Single by Cheyenne Jackson

from the album I'm Blue, Skies
- Released: 10 May 2012
- Recorded: 2012
- Genre: Pop
- Length: 4:05
- Songwriter(s): Cheyenne Jackson, Stephen "Stevie" Aiello
- Producer(s): Thomas "Tawgs" Salter

= Drive (Cheyenne Jackson song) =

Drive is a song by American actor and singer Cheyenne Jackson from his album I'm Blue, Skies. Although Jackson has produced theatrical music releases, this was his first non-theatrical single. Drive was produced by Thomas "Tawgs" Salter and written by Jackson and Stephen "Stevie" Aiello. The song was also featured on Jackson's first-ever music video.

Jackson has discussed the meaning of the song:
I wanted to write a song about keeping forward momentum in your life, and having the strength to leave a situation that you know in your heart is bad for you. It ended up being melancholy, but ultimately hopeful and optimistic, just like me. I felt like my head was exploding, because not only did I know that this was exactly what I was supposed to be doing, it kind of changed my perspective on everything.
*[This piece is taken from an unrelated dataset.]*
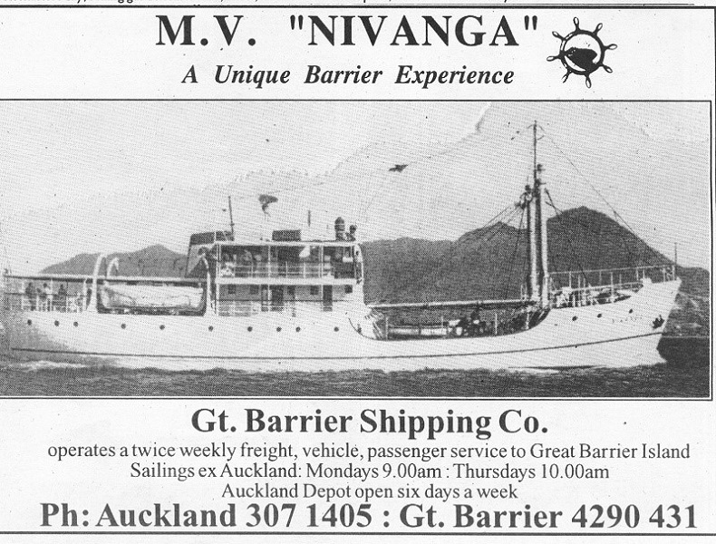 June 1994 sold to Neil Carter & Irene Juni Wright (Great Barrier Shipping Ltd.) Used in the twice-weekly service with cargo and passengers from Auckland to the Great Barrier Island. Licensed to carry 200 tons of cargo and 100 deck-passengers. Tonnage given as 369 gross, 113 net.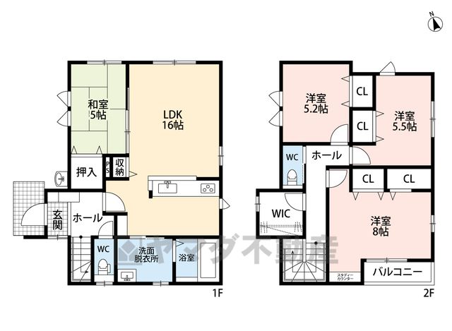 LDK16畳(1F)、和5畳(1F)、洋8畳(2F)、洋5.5畳(2F)、洋5.2畳(2F) |

The songs started pouring out of me, and I’m more proud of this work than any part I’ve ever done.

Drive was also remixed by Conair and appears as an additional 6:47 track on Jackson's album I'm Blue, Skies as "Drive (Conair mix)".

==Music video==
An animated music video of the song directed by Austrian music video director Christian Hörlesberger was released. According to Jackson, the video — made of approximately 500 painstakingly hand-drawn and photographed cells — took four months to complete.

The mostly black-and-white video shows an illustrated Jackson driving along city streets, on a highway, and into the countryside. He is eventually chased by a police car, and in the last scene he whizzes away towards the sun on the horizon. This last scene is the only color sequence, except for the colors of the traffic lights and cars' headlights.

A special Drive (Behind the Scenes) video was released explaining the production process.